Aim of the exercise:
Write out the line that holds "2025年前三季度,公司经营" together with every line that follows it to the end of the material below, exactly. Omit the pictures.

Input data:
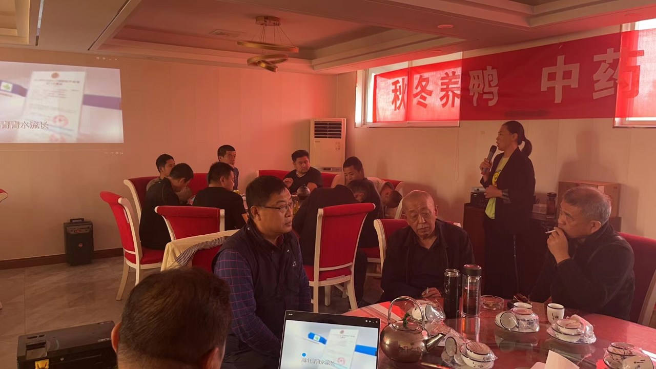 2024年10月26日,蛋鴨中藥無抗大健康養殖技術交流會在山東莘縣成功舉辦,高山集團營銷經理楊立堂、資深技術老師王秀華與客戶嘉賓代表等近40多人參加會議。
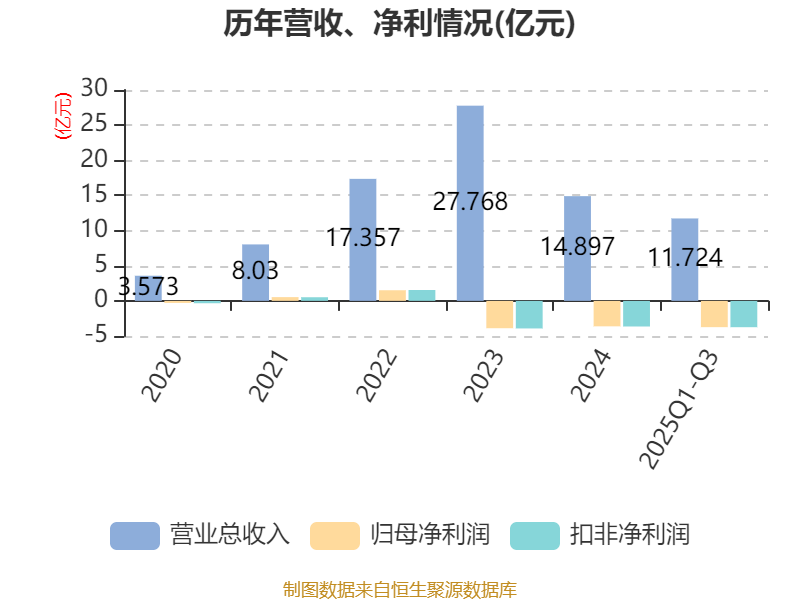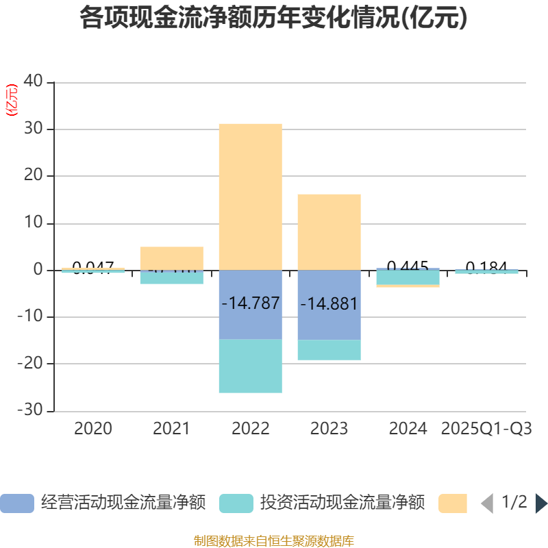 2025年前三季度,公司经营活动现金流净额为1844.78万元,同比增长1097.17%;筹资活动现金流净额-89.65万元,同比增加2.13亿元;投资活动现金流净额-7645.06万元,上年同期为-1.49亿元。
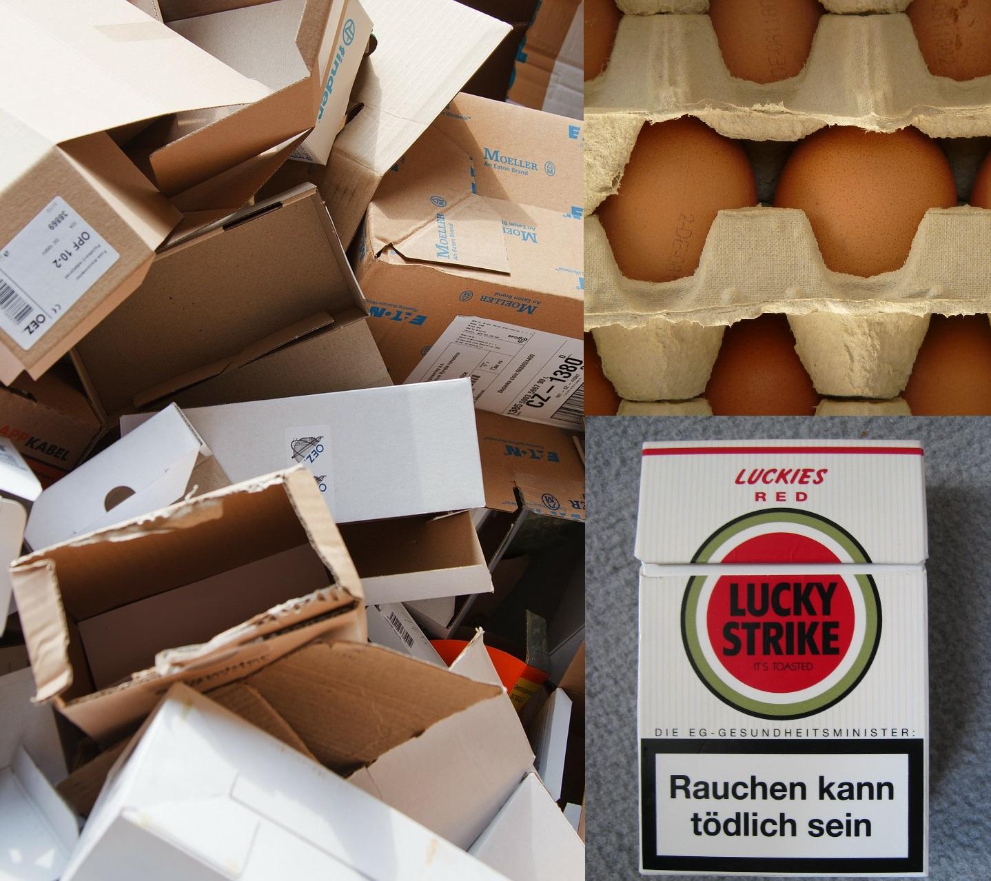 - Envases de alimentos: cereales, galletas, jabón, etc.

Final answer:
 2025年前三季度,公司经营活动现金流净额为1844.78万元,同比增长1097.17%;筹资活动现金流净额-89.65万元,同比增加2.13亿元;投资活动现金流净额-7645.06万元,上年同期为-1.49亿元。
 - Envases de alimentos: cereales, galletas, jabón, etc.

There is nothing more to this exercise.